Sunday, January 31, 2010

Dracula

Stoker, Bram.  Dracula. New York : Signet Classic, 1992. $4.95. ISBN:  0451523377.  (Image Credit: Cape May County Library)


In the wake of popular vampire fiction, I thought I would take a step back and read the classic, Dracula.  Bram Stoker is the author of this macabre classic, setting the tone for today's modern tale of blood-sucking entities.  Stoker weaves a Victorian epistolary tale, where a group of friends unites in a fight to bring down the monster they know as Count Dracula.

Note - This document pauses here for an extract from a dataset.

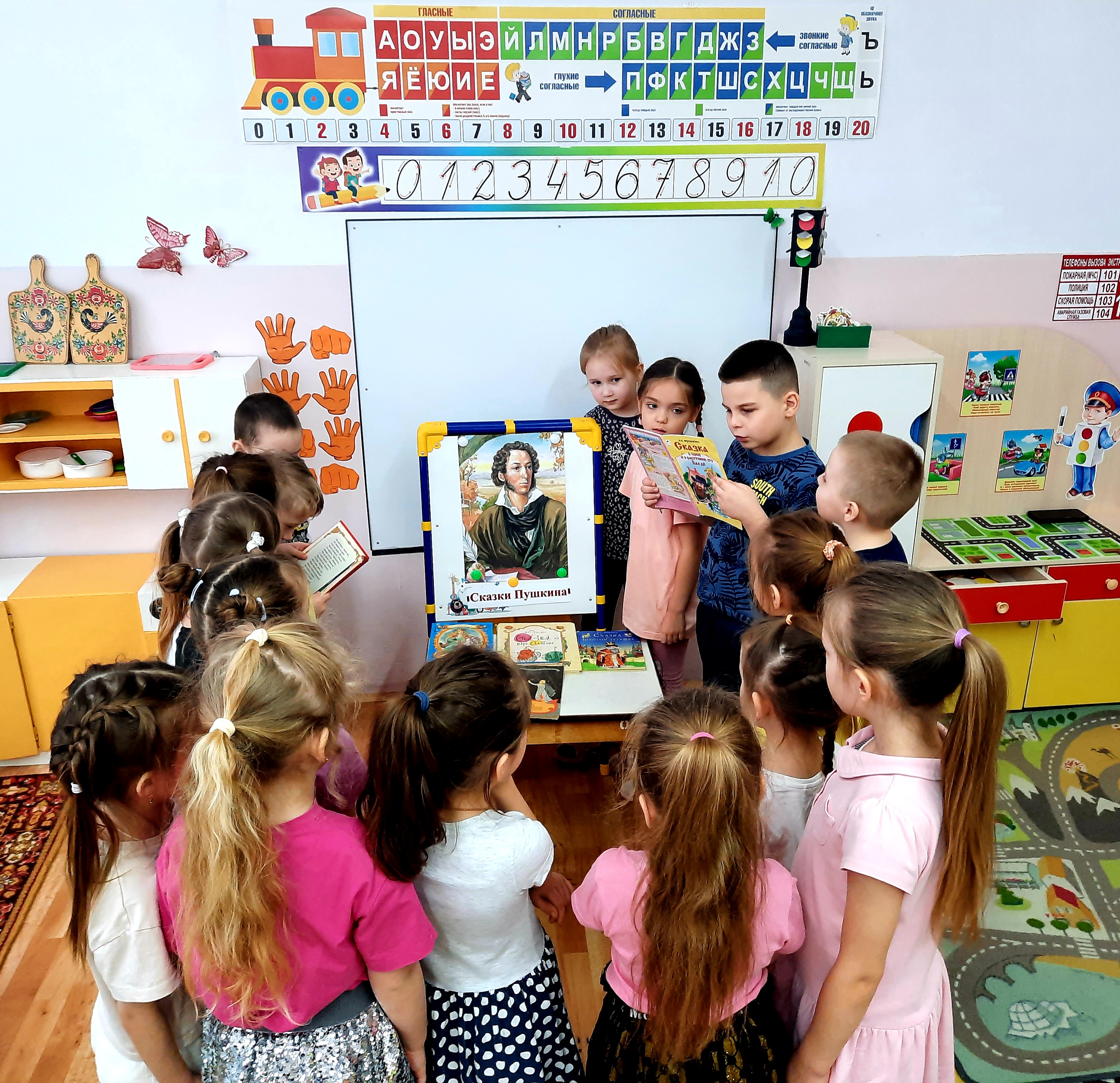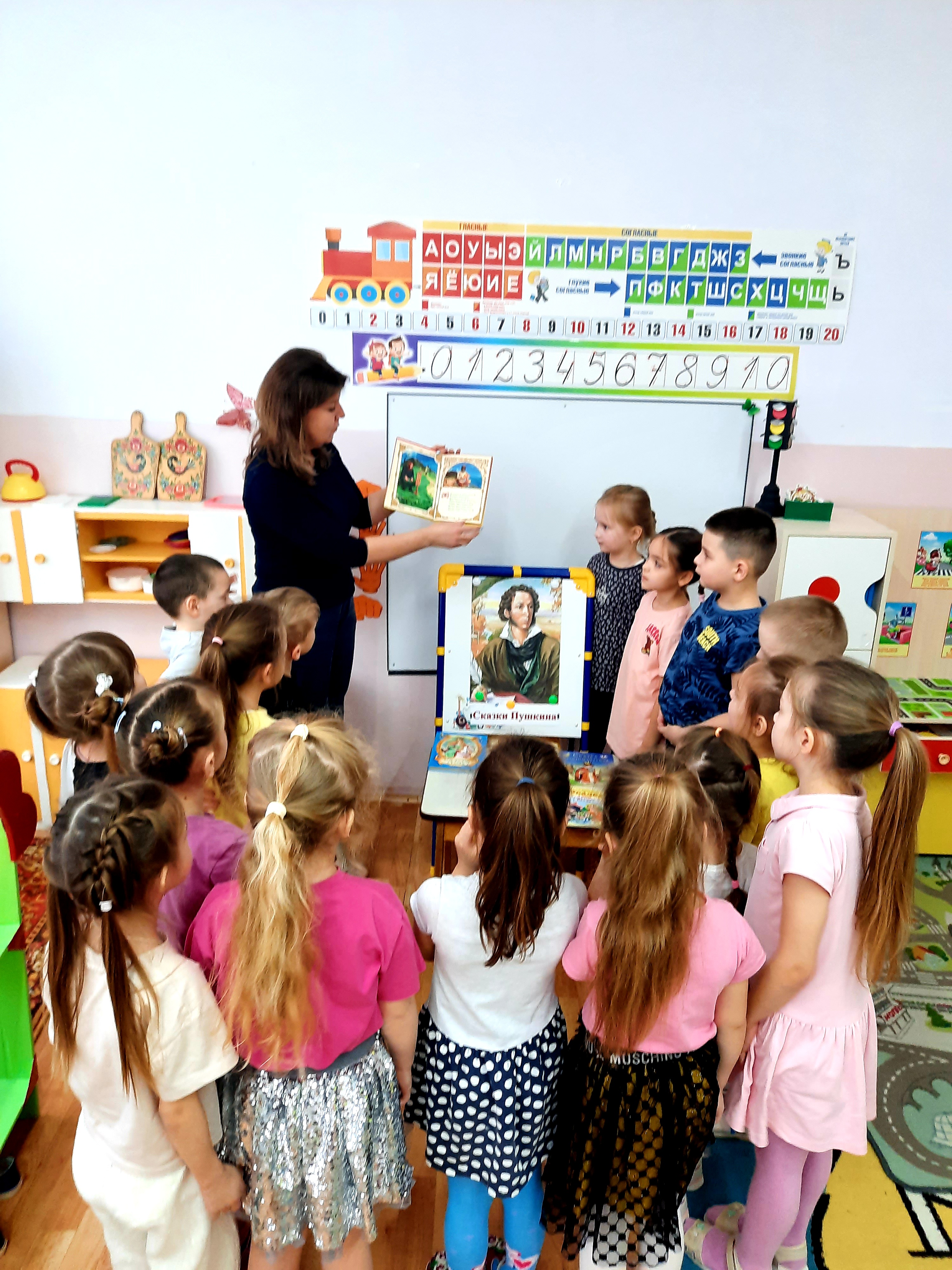 Өлкән яшьтәге балалар А.С. Пушкин биографиясе һәм иҗаты белән таныштылар, викторина сорауларына җавап биреп, яраткан әкиятләрен искә төшерделәр. Урта яшьтәге балалар "Балыкчы һәм балык турында әкият" мультфильмын карадылар һәм "Алтын балык" пластилиныннан аппликация башкардылар. Шулай ук төркемнәрдә укучылар А.С. Пушкин әсәрләре белән таныша һәм атаклы әкиятләрнең иллюстрацияләрен карый алган китаплар күргәзмәсе дә оештырылган.
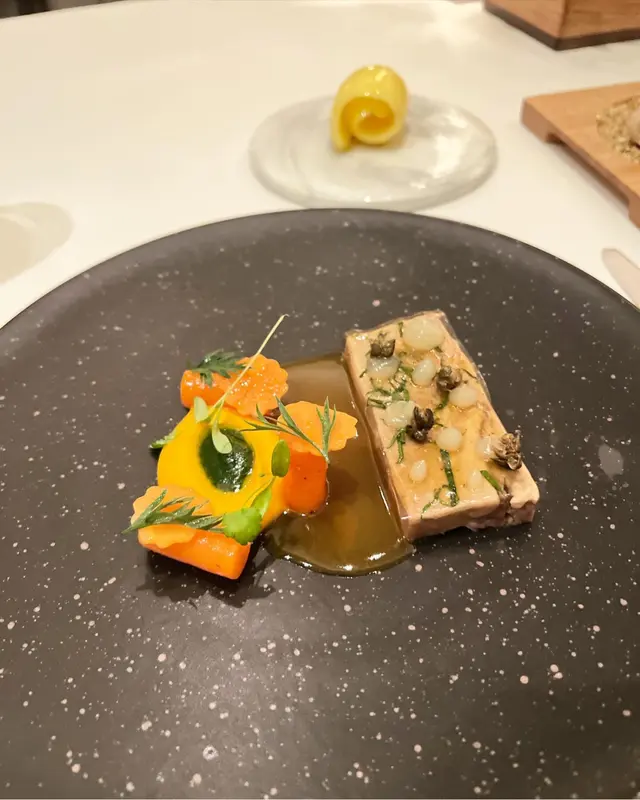 法國乳飼牛舌、沙甘筍、酸青瓜、青醬、法式酸辣汁

Stoker takes the reader from the outskirts of Transylvania to England's Whitby and London, and back to the Carpathians.  He never truly describes Dracula's motives, outside of contaminating the modern world with his venom. He depicts the creature and powerful and calculating. Stoker focuses mainly upon the characters who set out to bring their revenge and death to the vampire, Jonathan Harker, Mina Harker, Professor Van Helsing, Dr. Serward, Quincy Morris, and Lord Godalming.  It is their unity and belief in justice that solidfy their motives and direction, as they pursue a creature they are afraid will be the end of all mankind.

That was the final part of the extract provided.